D. M. Hodgson, M. J. Fleming, S. J. Stanway, Org. Lett., 2005, 7, 3295-3298.

Opening of the epoxide ring of enantiopure (2R,1'S)-2-(1-aminoalkyl)epoxides with different organolithium compounds gave allylamines with total selectivity and in high yields.
J. M. Concellon, J. R. Suarez, V. del Solar, Org. Lett., 2006, 8, 349-351.
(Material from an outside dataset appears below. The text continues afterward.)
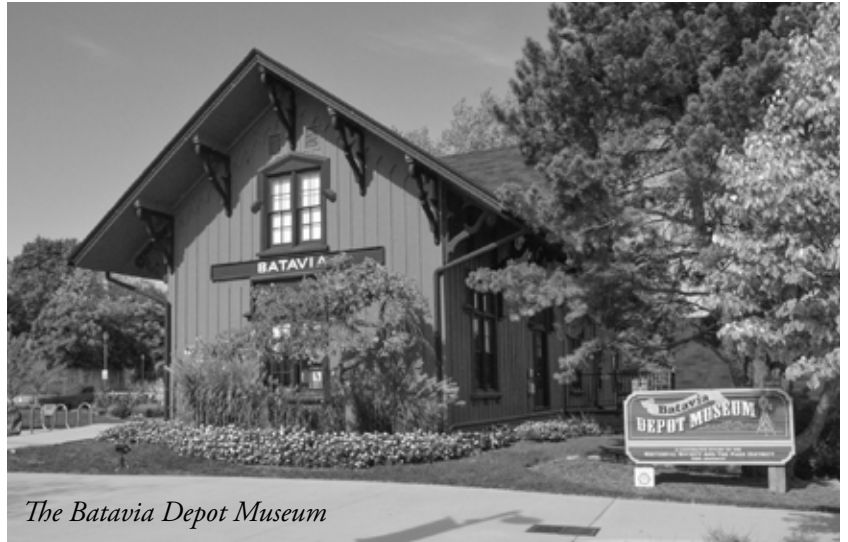
The Batavia Depot Museum

The Depot Museum is located along the Fox River at 155 Houston St, Batavia, IL

Copper-catalyzed [3 + 2] cycloadditions of N-tosylcyclopropylamine with alkynes and alkenes under visible light irradiation provide diversified aminated cyclopentene and cyclopentane derivatives being relevant for drug synthesis. The protocol is operationally simple, economically affordable, and compatible with a range of functionalities.
M. Kumar, S. Verma, V. Mishra, O. Reiser, A. K. Verma J. Org. Chem., 2022, 87, 6263-6272.

The reaction of various aromatic nitriles and conjugated alkenenitriles with 1.1 equiv of Ti(OiPr)4 and 2.2 equiv of EtMgBr followed by addition of a Lewis acid gave 1-arylcyclopropylamines and 1-alkenylcyclopropylamines in good yields.
P. Bertus, J. Szymoniak, J. Org. Chem., 2003, 68, 7133-7136.


The Crabtree’s reagent catalyzes the isomerization of N-sulfonyl 2,2-disubstituted aziridines to allyl amines under mild conditions without activation of the catalyst by hydrogen.
A. Cabré. G. Sciortino, G. Ujaque, X. Verdaguer, A. Lledós, A. Riera, Org. Lett., 2018, 20, 5747-5751.